Breathing (regulating the breath)
Regulation of the breathing has proved to be an important aspect in Qigong therapy. One aims, through practice, to change from breathing in the chest to abdominal breathing, thus developing one's respiration from the shallow to the deep. This deepening of the breathing has the effect of expanding lung capacity, promoting circulation of oxygen in the blood, massaging the internal abdominal organs, and helping digestion and assimilation of food. Styles emphasizing the practice of breathing usually distinguish four major types or methods:
Natural Breathing:This is one's innate way of respiration, normal to everyone, without any interference or control by the mind. Although it may well be soft and even, it has the disadvantage of not being very deep.

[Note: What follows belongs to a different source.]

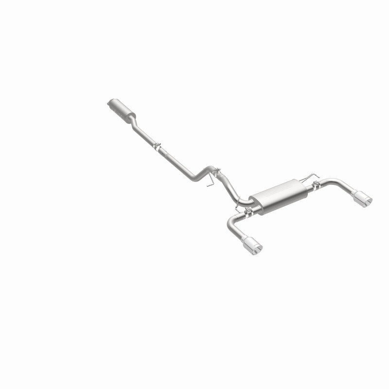 The MagnaFlow 2013-2019 Ford Escape Street Series Cat-Back Performance Exhaust System 15203 brings out the personality of your 1.6L, 2.0L 2013-2019 Ford Escape with our signature resonant, powerful engine tone and dyno-proven performance. Thanks to its fast-flowing, mandrel bent 2.25in. main piping and 2 Straight-Through mufflers ending in a Dual Split Rear exit with 4in. Polished Welded-On Double Wall Angle Cut Rolled Edge tips, this Ford Escape exhaust kit has the performance chops to match its sporty sound and appearance. Upgrade your ride to the next level with an exhaust that has the pipes to put other Ford Escape's to shame. With this system your vehicle will be producing Moderate exterior and Mild interior sound levels while leaving other cars and trucks feeling envious at every stoplight. Exhaust kit 15203 features a cat-back layout that replaces your ride's stock exhaust components from near the catalytic converter on back. Extensive 3D scanning during development has resulted in a direct-fit design that you can easily install yourself. 15203 is produced using CNC precision robotic manufacturing techniques and is backed by MagnaFlow's 1-year limited finish warranty and limited lifetime construction warranty.

Complementary Breathing: In this form one expands the abdomen outwards as one inhales and contracts it as one exhales. As the movement of the abdomen develops, one gradually achieves abdominal breathing. Reversed Breathing: This is the opposite of complementary breathing. As one inhales the abdomen is contracted, and as one exhales it is expanded. This method gives greater scope and intensity to the use of muscles in breathing. Stopping the Breathing: Here, during or after inhalation or exhalation the practitioner stops the passage of air for a short while and then continues. This method helps focus the mind on the action of the control of breath.
Other than those mentioned above there are certain special breathing methods which should only be used in accordance with certain illnesses. No matter which method is used, however, one must be sure to develop it slowly and gradually by degrees, without forcing it or striving for quick results.